谭姑婆靠在门前的一张躺椅上遥望着远处的山峦,枯瘦的身子被和煦的阳光包裹着。她真的老了,看东西看不清,只觉得满世界都是雾,很多东西都只剩下轮廓了。隔了不远的一张旧椅子被拖拽出刺耳的声音,是大叔公来串门了,坐下后就开始吧嗒着烟斗。这屋子在高处,越过前边几座矮房子,能望见山坳里的梯田。朦胧的视线中,谭新远牵着裴香茗在田埂上走着,曲曲折折,来来回回,两人却乐在其中。谭姑婆这一生最大的缺憾是新婚便死了丈夫,也没找到另一个想去托付终生的人,将毕生精力都耗在了谭家坊,耗在了谭家那么多子子孙孙身上。
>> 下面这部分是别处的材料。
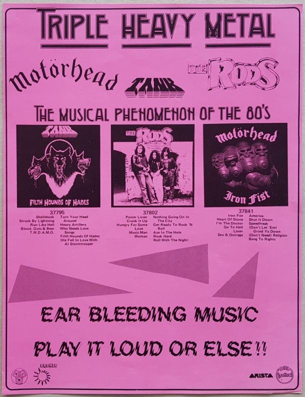 Poster for Original Release from Festival Records. 30cm x 38cm. Sold with 'Triple Heavy Metal' Double Sided Flyer from Festival featuring release info for Motorhead, Tank & The Rods.

她回头想想,自己也算积了德,下辈子该有福报,不至于孤寡一生了。大叔公衔着烟斗,有意无意地说:“听说打仗都打到武汉了,就快过长江了。外面乱,里面也乱,这世道全乱了。”谭姑婆看了他一眼,笑道:“都是要作古的人了,没心思去操心那些。”大叔公又嘬了会烟斗,问:“你真的不管了?由他乱来?就不怕后患无穷?”谭姑婆叹道:“怕呀,可是怕有什么用?等我们一死,他还不是照样乱来。左右都是一样的结果,我不想再为他的事伤神了,免得等我死了,他还不念我的好。”“你啊你啊……”大叔公也染上了那种叫怕死的病魔,戚戚然地不知要说什么好了。两人无言地望着远处那两个年轻的身影,谁都年轻过,谁也有苍老的一天,所以谁也不必羡慕谁。

临近中午,日头暖洋洋的。两人走累了,坐在一条溪边休息。裴香茗脚上穿着一双借来的布鞋,已经沾满了红泥。她想用溪水擦擦鞋底,被谭新远阻止。谭新远一手捉住她的脚腕,捡了块扁扁的鹅卵石一点点刮掉那些泥巴。裴香茗身子后仰,双手撑在草地里有微微的刺痛感,看谭新远那么认真的样子极为难得,便一直盯着看。谭新远似乎察觉到了,侧头睨她一眼:“看什么呢?”裴香茗莞尔一笑:“从没这样看过你,在太阳底下。”谭新远便念起了那句诗:“我要站在太阳底下喝你泡的茶,直至茶杯成为我的坟墓,而你是我的墓志铭。”念完,他亲吻她的脸颊、鼻尖、额头,然后紧紧地拥住她。